If you manage to get this, though, it will return the lambda form, not the define form.
MIT Scheme has the ability to do this. (If you really want, comment on this and I'll give you the code. I had to find some undocumented functions to make it happen.)
However, it's not in the Scheme language definition, so implementations don't have to allow it. The reason for this is that in order to make functions faster, a good Scheme implementation will modify the functions. This means both rewriting them in a different language (either machine code or something fairly low-level) and taking out any bits you don't need - for instance, the + function must in general check whether its arguments are numbers, and if so, what sort of numbers, but if your function is a loop which calls +, you can just check once at the beginning, and make the function a lot faster.
Of course, you could still keep the lists around without too much trouble, even with all of these things. But if you tried to modify the lists, how would it work?
(Again, you could make it work. It would just be more work for implementers, and since it's not usually used in programs, most people probably just don't want to bother.)
In guile,
guile> (define (foo bar) 'baz)
guile> (procedure-source foo)
(lambda (bar) (quote baz))
guile> (cdr (procedure-source foo))
((bar) (quote baz))
guile>
'foo evaluates to a symbol, you can't take the CDR of a symbol.

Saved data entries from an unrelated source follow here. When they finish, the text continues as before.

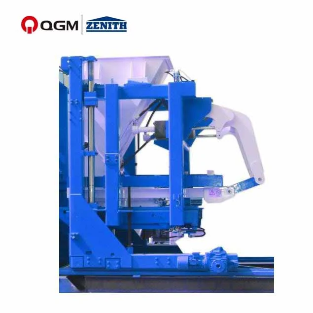 A máquina automática para fazer blocos de cimento tem o padrão europeu, pois foi projetada pela Alemanha Zenith, que é o fabricante com mais de 60 anos de experiência em máquinas para fazer blocos. Para reduzir o custo, a QGM iniciou sua produção em massa na China. ZN1500C tem as vantagens de design de alta tecnologia, maior capacidade, melhor qualidade e desempenho de custo. Tamanho do palete: 1.400 × 1.100/1.200 mm. Diferentes blocos podem ser produzidos alterando apenas o molde.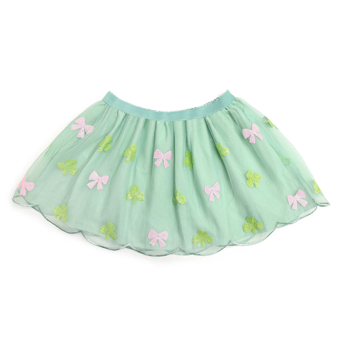Get ready for some serious St. Patrick's Day twirls in this enchanting mint green tutu, adorned with charming pink sequin bows and sparkling green shamrocks! Your little dancer will feel like the luckiest charm in the parade.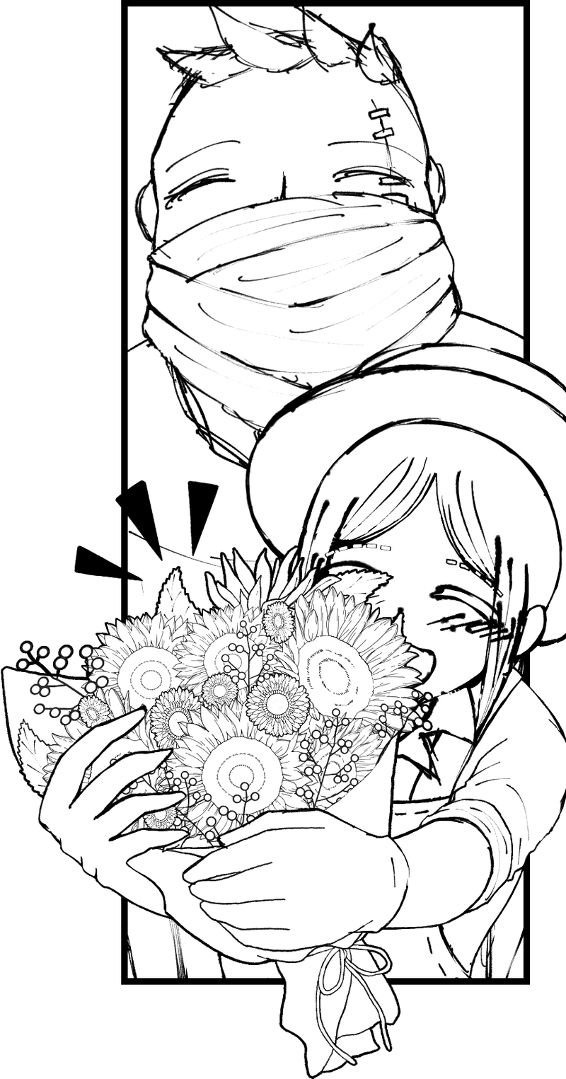 今描いている漫画の一コマ。お花は素材を使っているから浮いちゃっているけど、仲良さげなベイカー親子が描けたので満足。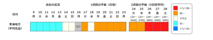 東海地方の向こう2週間の気温は、暖かい空気が流れ込みやすいため高く、24日頃からはかなり高くなる可能性があります。農作物の管理等に注意してください。積雪の多い地域ではなだれに注意してください。また、今後の気象情報等に留意してください。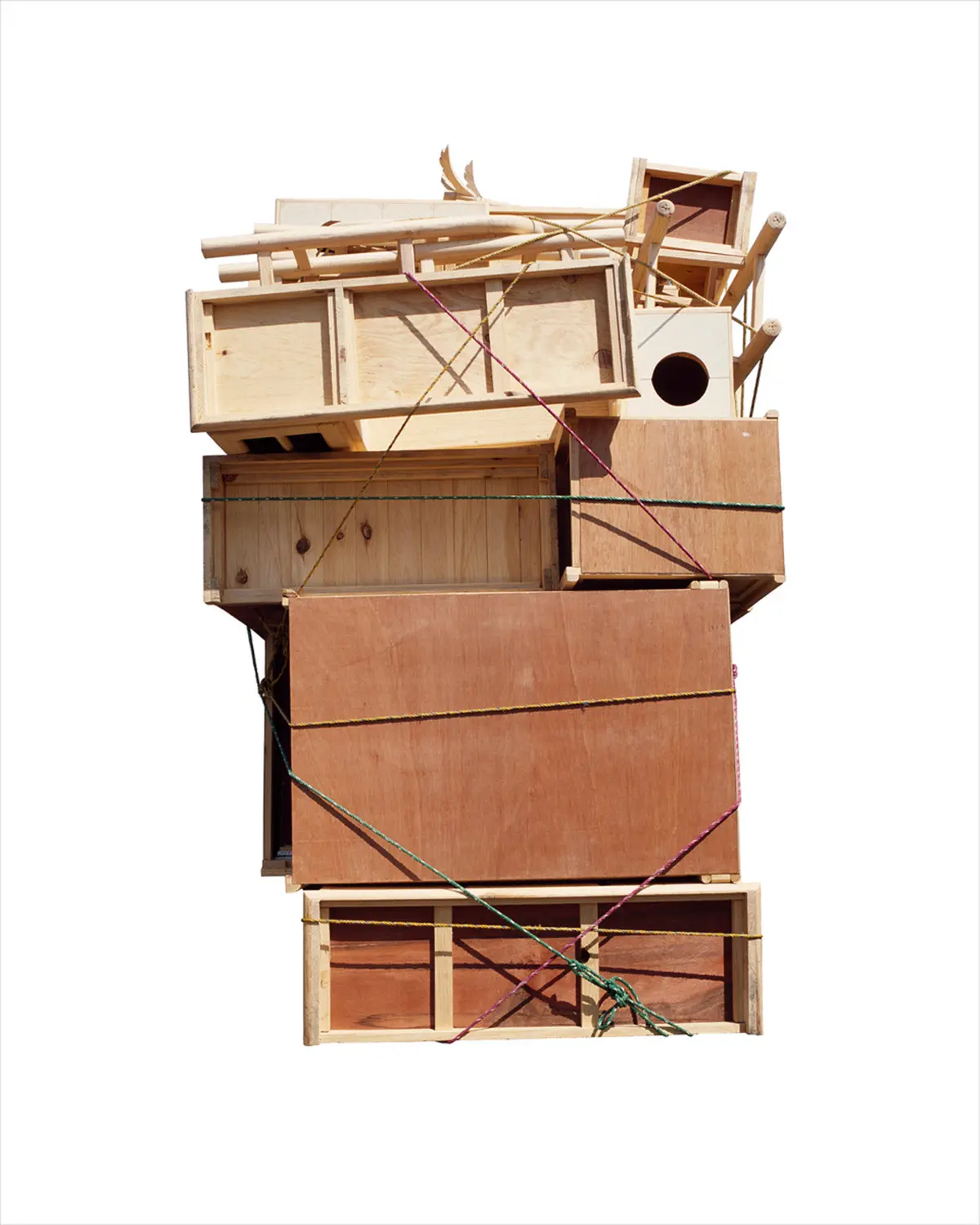Ensamble means “to assemble, or put together separate component parts. The series weaves together photographs taken at a furniture market in the outskirts of Mexico City. The starting point for the work is a typology of photographs of the backs of trucks stacked with pieces of furniture. Each one similar yet subtly different from the next. Using the pieces of furniture from this market, II then proceeded to cut and reassemble the parts to create a serie a sculpture with I photographed in my studio. These sculpture are then used to make the cyanotypes, creating and endless cycle between sculpture and photography, image and object. The title makes reference to the process of disassembling and re assembling involved in creating the furniture pieces and the sculptural works, as well as the cyanotype photograms.

What you may want to do is (cdr foo), but this does not work. The value of a FOO is a procedure, not a list.
You might be able to access the function as a list using pp or pretty-print. That said, you might also need to run your code in debug mode. This is very implementation dependent however. I know it can work in Gambit-C.
(define (foo) ...) produces a compiled object, and it's a value - a procedure.
You cannot iterate over it because it is not an s-expression.
Like what other suggested, you should check out your programming environment and see
if it has any facilities for such tasks.